#  > Telecomunicações >  > FIBERHOME >  >  QinQ na GPON Fiberhome

## rafitadj

Bom dia pessoal,

Tenho o seguinte cenário, uso aqui uma Vlan para identificar uma ONU em um ponto de acesso que tinha um Mikrotik, sendo que nele havia uma Bridge de gerenciamento setado algumas VLANs para cada radio. Tive que retirar esse Mikrotik e colocar um Switch, e criei o PPPoE Server naquela Vlan da ONU. Até ai tudo ok, porem quero acessar os radio para retirar as Vlan's, sendo assim preciso criar a Vlan do Radio dentro da Vlan que tenho da ONU do ponto de acesso, correto? Procurei muito e muitos me falaram que no Gpon eu não consigo fazer esse QinQ, mas no ANM "Service Config" eu tenho essa opção abaixo, porem tentei e não consegui acesso. Alguem pode me ajudar?

Muito grato pela atenção.

----------


## ory0n

Entendi que vc tem um servidor pppoe ligado a uma OLT em uma vlan desta olt,
e tem uma ONU ligada em um swtich, e um radio ligado nesse switch

a interface da ONU esta entregando na lan a vlan do ppoe sem tag? certo?

e você não acessa a gerencia dos radio pois a gerencia do radio esta em uma vlan com tag?

se for isso, você teria que criar na olt a mesma vlan que vc usa pra gerenciar o radio e na ONU entregar essa vlan na lan com tag
dessa forma você teria conectividade direta com a gerencia do radio.

----------


## rafitadj

> Entendi que vc tem um servidor pppoe ligado a uma OLT em uma vlan desta olt,
> e tem uma ONU ligada em um swtich, e um radio ligado nesse switch
> 
> a interface da ONU esta entregando na lan a vlan do ppoe sem tag? certo?
> 
> e você não acessa a gerencia dos radio pois a gerencia do radio esta em uma vlan com tag?
> 
> se for isso, você teria que criar na olt a mesma vlan que vc usa pra gerenciar o radio e na ONU entregar essa vlan na lan com tag
> dessa forma você teria conectividade direta com a gerencia do radio.

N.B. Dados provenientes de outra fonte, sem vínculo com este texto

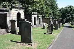 Although there is some reference to the burial ground being called "The Cemetery of the Admirals",[8] this appears both rare and misplaced as the burial ground has fewer admirals than most Edinburgh cemeteries, with only three named on monuments and an alleged further three unmarked. A high number of the gravestones moved from Old Calton Cemetery are noted as "tanners" and "leather workers" connecting to that area’s association with shoemaking.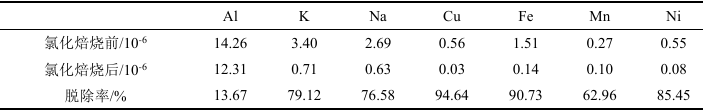 潘俊良等采用Cl2為氯化劑對石英砂樣品進行氯化焙燒,在氣體流速600ml/min、焙燒溫度900℃、焙燒時間60min條件下,樣品雜質含量由29.4X10-6降至23.3X10-6,且焙燒過程對Al、堿土金屬和過渡金屬元素的去除效果較好,但是對堿金屬元素去除效果不明顯,所得石英砂含量達到4N8高純石英的標準。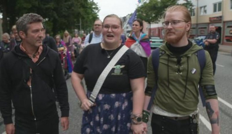 Reporter Nicholas Körber (l.) mit Marie und Michael auf dem CSD.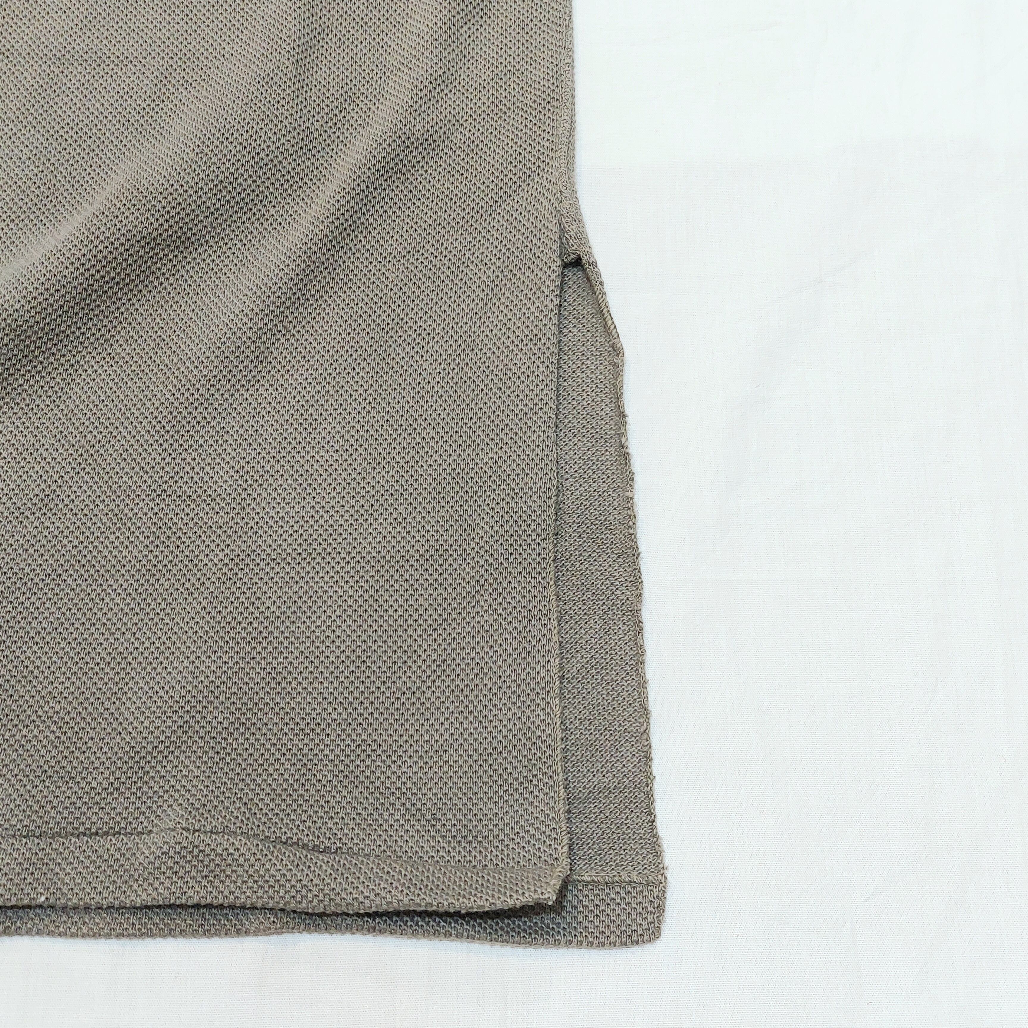 身頃は凹凸のあるワッフルカットソー素材で、襟、前立て、カフスは伸びないように布帛で切り替えられています。

Sim ja criei VLAN taged na OLT, ouvi dizer que QinQ em Gpon não funciona.... será que procede?

----------


## ory0n

> Sim ja criei VLAN taged na OLT, ouvi dizer que QinQ em Gpon não funciona.... será que procede?


Funciona sim, mas isso não é QinQ, e vc não precisa de QinQ, pois não tem uma vlan dentro da outra nesse caso ai.

----------